Assignment
Below are records to return verbatim; the pictures are to be dropped.

Given data
════════

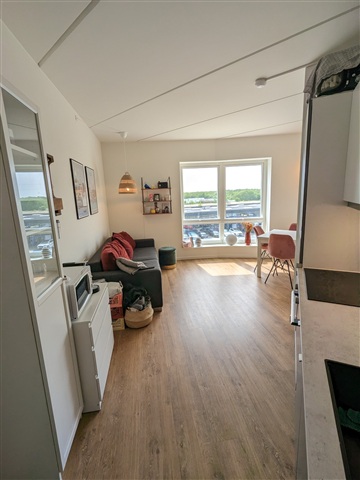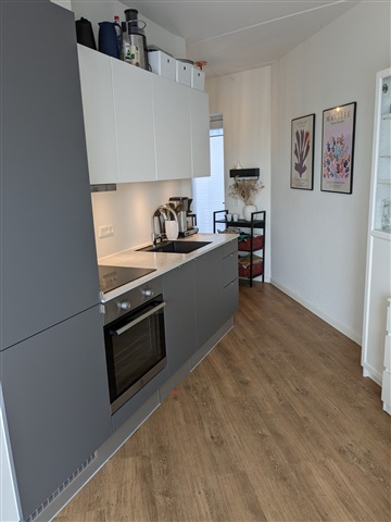 Denne lejlighed byder på attraktive materialevalg og er udstyret med komplette hårde hvidevarer. Køkkenet er udført i en elegant grå nuance, hvilket skaber et stilrent udtryk. Boligen egner sig særligt godt til en enkelt person, der ønsker et enkelt og funktionelt hjem. Komforten er i fokus med gulvvarme installeret overalt samt et Genvex ventilationssystem, som sikrer et behageligt indeklima.Lejligheden rummer et køkken, hvor der er plads til et spisebord, samt et soveværelse og et flot badeværelse udstyret med en kombineret vaskemaskine og tørretumbler. Køkkenets udstyr inkluderer en integreret ovn, emhætte, glaskeramisk kogeplade, et køle- og fryseskab samt en opvaskemaskine.
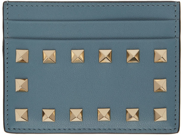 valentino garavani rockstud detail zip cardholder in blau modesens
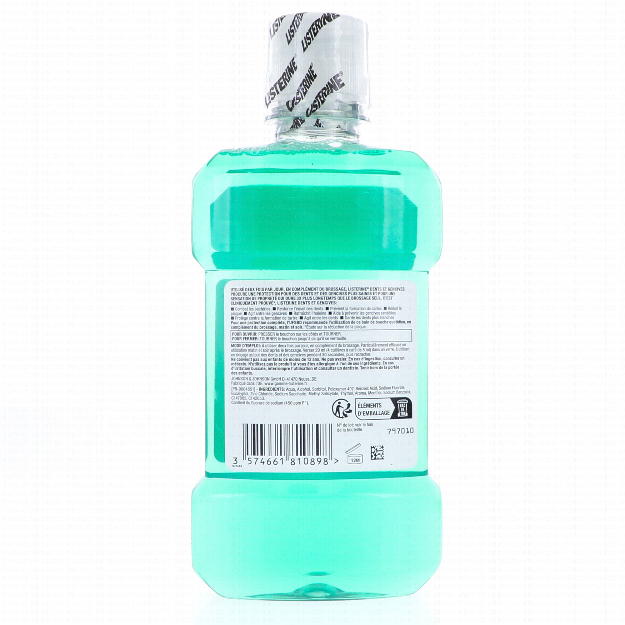 Pour parfaire l'hygiène bucco-dentaire quotidienne, le bain de bouche Listerine favorise l'élimination des bactéries responsables de la plaque dentaire. Sa composition aux huiles essentielles et au fluor réduit les saignements et les irritations des gencives et renforce l'émail des dents. Son utilisation procure une haleine fraîche. Prévient la formation du tartre et l'apparition des caries, protège et renforce l'émail des dents. Rafraîchissant de l'haleine. Usage quotidien. Conditionnement : flacon plastique.
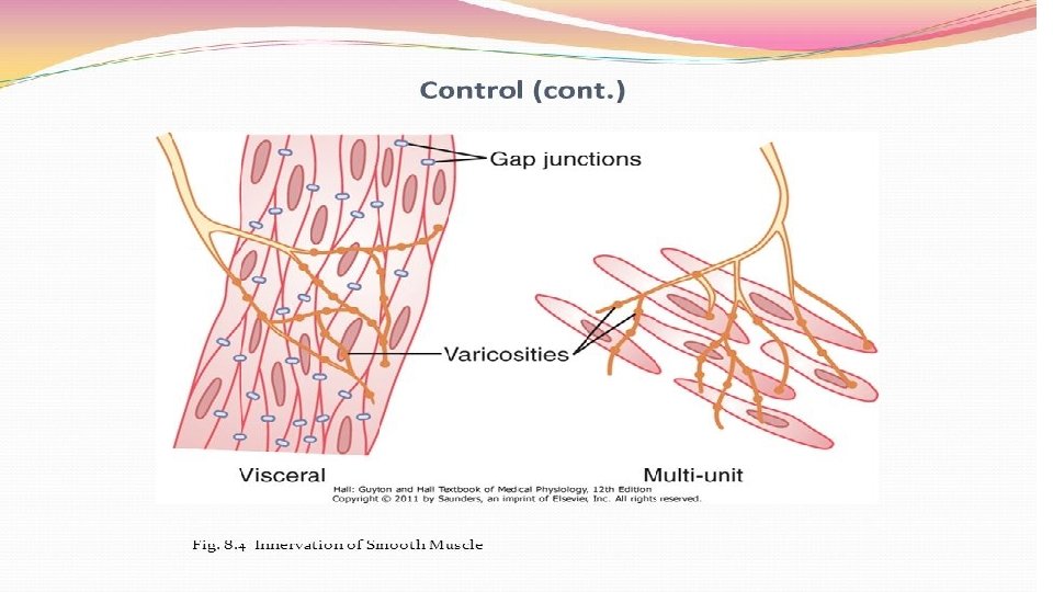 C. Differences 1. Longer contractile periods than skeletal 2. Can sustain a contraction longer = more tone 3. Can be stimulated by nervous impulses, hormones, p. H, gas levels, temperature. 4. More extensible
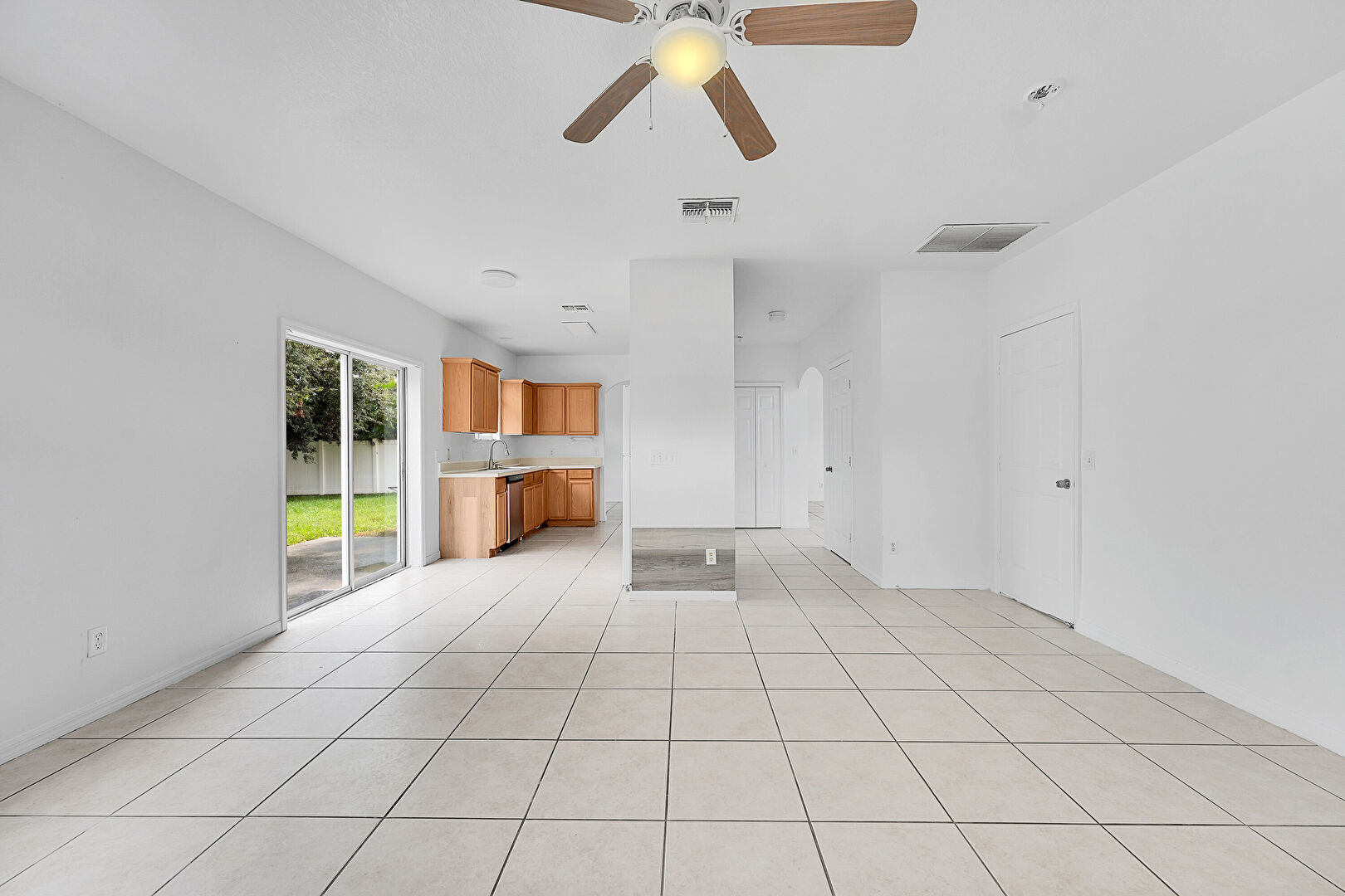 Baseboards Wall, Ceiling Fan, Drywall, L Shaped Kitchen, Natural Light, Tile Floor, Vent, Drywall, Natural Light

════════

Final answer
 Denne lejlighed byder på attraktive materialevalg og er udstyret med komplette hårde hvidevarer. Køkkenet er udført i en elegant grå nuance, hvilket skaber et stilrent udtryk. Boligen egner sig særligt godt til en enkelt person, der ønsker et enkelt og funktionelt hjem. Komforten er i fokus med gulvvarme installeret overalt samt et Genvex ventilationssystem, som sikrer et behageligt indeklima.Lejligheden rummer et køkken, hvor der er plads til et spisebord, samt et soveværelse og et flot badeværelse udstyret med en kombineret vaskemaskine og tørretumbler. Køkkenets udstyr inkluderer en integreret ovn, emhætte, glaskeramisk kogeplade, et køle- og fryseskab samt en opvaskemaskine.
 valentino garavani rockstud detail zip cardholder in blau modesens
 Pour parfaire l'hygiène bucco-dentaire quotidienne, le bain de bouche Listerine favorise l'élimination des bactéries responsables de la plaque dentaire. Sa composition aux huiles essentielles et au fluor réduit les saignements et les irritations des gencives et renforce l'émail des dents. Son utilisation procure une haleine fraîche. Prévient la formation du tartre et l'apparition des caries, protège et renforce l'émail des dents. Rafraîchissant de l'haleine. Usage quotidien. Conditionnement : flacon plastique.
 C. Differences 1. Longer contractile periods than skeletal 2. Can sustain a contraction longer = more tone 3. Can be stimulated by nervous impulses, hormones, p. H, gas levels, temperature. 4. More extensible
 Baseboards Wall, Ceiling Fan, Drywall, L Shaped Kitchen, Natural Light, Tile Floor, Vent, Drywall, Natural Light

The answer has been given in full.